- Swedish vinyl single

Single by Tyrone Davis

from the album Turn Back the Hands of Time
- B-side: "I Keep Coming Back"
- Released: February 1970
- Recorded: January 23, 1970
- Studio: Universal, Chicago
- Genre: Soul
- Length: 2:35
- Label: Dakar
- Songwriters: Jack Daniels; Bonnie Thompson;
- Producer: Willie Henderson

Tyrone Davis singles chronology
| "Is It Something You've Got" (1969) | "Turn Back the Hands of Time" (1970) | "I'll Be Right Here" (1970) |

Bruce Springsteen singles chronology
| "Don't Play That Song" (2022) | "Turn Back the Hands of Time" (2022) | "Streets of Minneapolis" (2026) |

= Turn Back the Hands of Time =

"Turn Back the Hands of Time" is a song recorded by the American R&B singer Tyrone Davis. It was co-written by Jack Daniels and Johnny Moore, a.k.a. John Edward Moore (credited to Moore’s girlfriend at the time, Bonnie Thompson), and produced by Willie Henderson.
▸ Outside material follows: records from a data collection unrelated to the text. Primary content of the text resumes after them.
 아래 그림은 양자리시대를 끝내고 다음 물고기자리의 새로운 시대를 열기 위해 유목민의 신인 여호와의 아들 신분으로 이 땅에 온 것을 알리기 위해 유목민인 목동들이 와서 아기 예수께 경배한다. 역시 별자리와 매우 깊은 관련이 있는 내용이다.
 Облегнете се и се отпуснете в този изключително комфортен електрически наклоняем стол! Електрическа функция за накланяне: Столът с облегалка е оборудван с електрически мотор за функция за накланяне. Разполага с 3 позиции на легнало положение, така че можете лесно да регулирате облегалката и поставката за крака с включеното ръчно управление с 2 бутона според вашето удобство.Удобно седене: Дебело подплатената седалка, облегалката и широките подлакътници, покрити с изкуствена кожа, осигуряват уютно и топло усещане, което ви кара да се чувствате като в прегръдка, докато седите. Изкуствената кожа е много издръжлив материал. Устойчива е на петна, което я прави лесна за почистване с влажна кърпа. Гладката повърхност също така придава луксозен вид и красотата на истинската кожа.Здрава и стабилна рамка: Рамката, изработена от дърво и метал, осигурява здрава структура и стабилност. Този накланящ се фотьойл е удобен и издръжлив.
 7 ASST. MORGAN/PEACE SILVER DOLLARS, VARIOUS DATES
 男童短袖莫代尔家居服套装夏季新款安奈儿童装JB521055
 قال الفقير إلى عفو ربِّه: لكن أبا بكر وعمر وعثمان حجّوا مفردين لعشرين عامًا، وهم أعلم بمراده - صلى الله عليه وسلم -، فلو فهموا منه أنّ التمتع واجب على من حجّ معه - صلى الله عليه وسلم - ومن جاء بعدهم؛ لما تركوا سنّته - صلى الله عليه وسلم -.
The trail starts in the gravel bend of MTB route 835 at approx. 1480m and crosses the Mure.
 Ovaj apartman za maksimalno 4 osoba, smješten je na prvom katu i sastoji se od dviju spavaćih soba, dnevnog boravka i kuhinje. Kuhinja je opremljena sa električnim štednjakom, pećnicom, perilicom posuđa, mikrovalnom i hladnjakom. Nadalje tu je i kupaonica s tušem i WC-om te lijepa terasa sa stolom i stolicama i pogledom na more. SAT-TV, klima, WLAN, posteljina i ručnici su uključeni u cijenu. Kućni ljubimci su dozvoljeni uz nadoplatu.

"Turn Back the Hands of Time" was released as a single in February 1970 and became Davis's second major hit, spending two weeks at number one on Billboard's R&B Singles chart and reaching number three on its Pop chart. The single was also certified gold by the RIAA for sales of one million copies. "Turn Back the Hands of Time" is from the album of the same name that MTV says "ranks among the best soul LPs of its time". Bruce Springsteen covered the song on his 2022 studio album, Only the Strong Survive.

==Background==
Daniels and Moore wrote "Turn Back the Hands of Time" based on relationship problems Moore was having at the time. Daniels had co-written Davis's 1968 hit "Can I Change My Mind" and the recording session for "Turn Back the Hands of Time" included some of the same musicians from that session.

==Chart history==
===Weekly charts===

| Chart (1970) | Peak position |
|---|---|
| US Billboard Hot 100 | 3 |
| US Billboard R&B | 1 |
| US Cash Box Top 100 | 4 |

===Year-end charts===

| Chart (1970) | Rank |
|---|---|
| US Billboard Hot 100 | 51 |
| US Cash Box | 32 |

==Personnel==
- Background vocals by Barbara Acklin, Eugene Record & Robert Lester
- Bass guitar by Billy Robinson
- Drums by Quinton Joseph
- Guitar by Carl Woolfolk
- Keyboards by Floyd Morris
- Lead vocals by Tyrone Davis
- Written by Jack Daniels & Johnny Moore(credited to Bonnie Thompson)
- Produced by Willie Henderson
- Arranged by Tom-Tom Washington

==Other versions==
- Checkmates, Ltd. on their 1971 album, Life.
- Otis Clay 7" on Elka Records 1975.
- Bruce Springsteen on his 2022 album, Only the Strong Survive.

==Use in media==
The song appears in the film Nine Months (1995).